En ce sens, Ankara ne raconte pas seulement une solution technique, mais un changement de paradigme de gestion. Selon NPHarvest, l’installation Aslan Biomass transportait auparavant les eaux riches en nutriments vers des champs et des exploitations agricoles régionales; aujourd’hui, la limite de capacité d’absorption du territoire rend cette stratégie moins durable. Récupérer les nutriments sur site signifie alors faire trois choses à la fois : diminuer la pression locale sur le territoire, extraire de la valeur économique d’un flux coûteux à gérer et rendre commercialisables ou réutilisables des intrants fertilisants de haute pureté. C’est précisément là que l’épuration rencontre la logique industrielle de l’économie circulaire.
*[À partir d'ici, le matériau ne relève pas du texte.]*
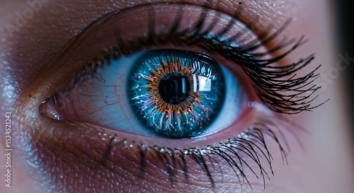 Macro shot of female robotics engineer's eye reflecting circuit board glow, cyberpunk lighting, extreme detail in eyelashes and iris patterns, cinematic realism

Les chiffres de la démonstration: capacité, produits récupérés et potentiel à pleine échelle
Selon le communiqué officiel de NPHarvest, la technologie installée à Ankara pourrait récupérer, sur une base annuelle équivalente, environ 93 tonnes de sulfate d’ammonium et jusqu’à 73 tonnes de produit à base de phosphore. Le même communiqué estime qu’une installation à pleine échelle pourrait atteindre environ 3 255 tonnes de sulfate d’ammonium et jusqu’à 2 555 tonnes de produit phosphaté. Il est essentiel de bien lire ces données: la démonstration ne reste sur le site que quelques mois, de sorte que les valeurs associées à la «démo» doivent être comprises comme des équivalents annuels déclarés, et non comme la production annuelle effective du module installé en permanence sur place.
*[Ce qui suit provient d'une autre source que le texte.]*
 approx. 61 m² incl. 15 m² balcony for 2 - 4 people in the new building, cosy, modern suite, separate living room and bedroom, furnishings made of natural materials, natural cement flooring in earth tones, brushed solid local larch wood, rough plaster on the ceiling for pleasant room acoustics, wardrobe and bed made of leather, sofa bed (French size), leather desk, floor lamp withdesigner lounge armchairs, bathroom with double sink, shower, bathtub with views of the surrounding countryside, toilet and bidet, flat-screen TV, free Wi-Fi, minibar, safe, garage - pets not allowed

Ces chiffres, bien qu’ils soient fournis par l’entreprise et non présentés comme une vérification indépendante par un tiers, restent utiles pour comprendre l’ampleur du problème et de l’opportunité. La différence entre les 20 m³/jour de la démonstration et les 700 m³/jour du site hôte montre en effet deux aspects. Le premier est que la validation technique ne coïncide pas encore avec une pénétration industrielle complète. Le second est que, si le modèle fonctionne, le saut de valeur ne provient pas seulement de l’épuration évitée, mais aussi de la production de deux flux récupérés ayant un marché potentiel : un sel d’ammonium et une fraction phosphatée réutilisable dans les engrais. En termes d’activité industrielle, il s’agit du passage d’un centre de coûts à un nœud de valorisation.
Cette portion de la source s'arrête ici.